That rich ambience and looseness with genre also defined Jhené Aiko and Bryson Tiller’s sets near the close of the show. Aiko’s songs like “Maniac” are alluring and narcotic, but she sings them with an assertiveness that stands out on pop and R&B radio. Tiller’s mix of hard-hitting trap drums and sing-speak vocals were a little more pointed, but they each spoke to a welcome openness about how R&B and hip-hop are blending in natural, innovative ways today.

For all the control and focus of the night’s earlier sets, only DJ Khaled’s show threatened to spin out. The producer and Snapchat motivational figure, as well as the most enthusiastic new parent in rap could never have appeared in any era but our own — he doesn’t perform music so much as saunter onto stages and supercharge them with his presence.

It makes for perhaps the sloppiest live show in contemporary music — he rarely gets through 30 seconds of even his biggest hits, and his reliance on special guests renders him weirdly irrelevant at his own shows.
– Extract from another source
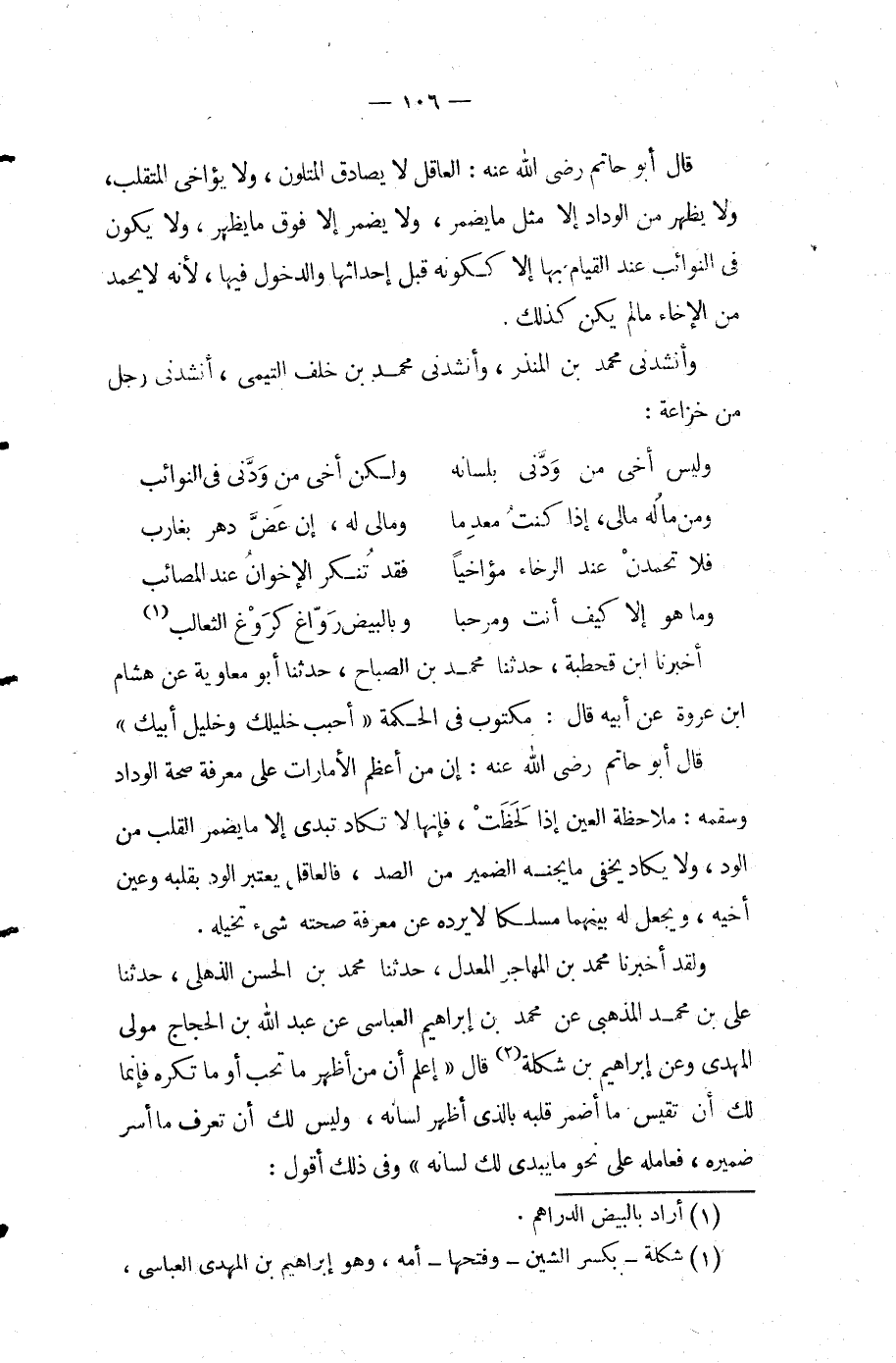 ولقد أَخْبَرَنَا مُحَمَّد بْن المهاجر المعدل حَدَّثَنَا مُحَمَّدُ بْنُ الْحَسَنِ الذُّهْلِيُّ حَدَّثَنَا علي بْن مُحَمَّد المذهبي عَن مُحَمَّد بْن إِبْرَاهِيم العباسي عَن عَبْد اللَّه بْن الحجاج مولى المهدي وعن إِبْرَاهِيم بْن شكلة قَالَ اعلم أن من أظهر مَا تحب أو مَا تكره فإنما لك أن تقيس مَا أضمر قلبه بالذي أظهر لسانه وليس لك أن تعرف مَا أسر ضميره فعامله على نحو مَا يبدي لك لسانه وفي ذلك أقول

But it’s hard to totally hate a guy who will give up his headlining Staples Center show to Bell Biv Devoe and 21 Savage cameos alike. Even when the Staples Center stage preemptively started turning around before he finished his last song, it was a little endearing.

Other sets and workshops at BET Experience and the BET Awards wil probably address more of the American malaise right now. But as a diversion from all the dread right now, Friday’s show was welcome and needed.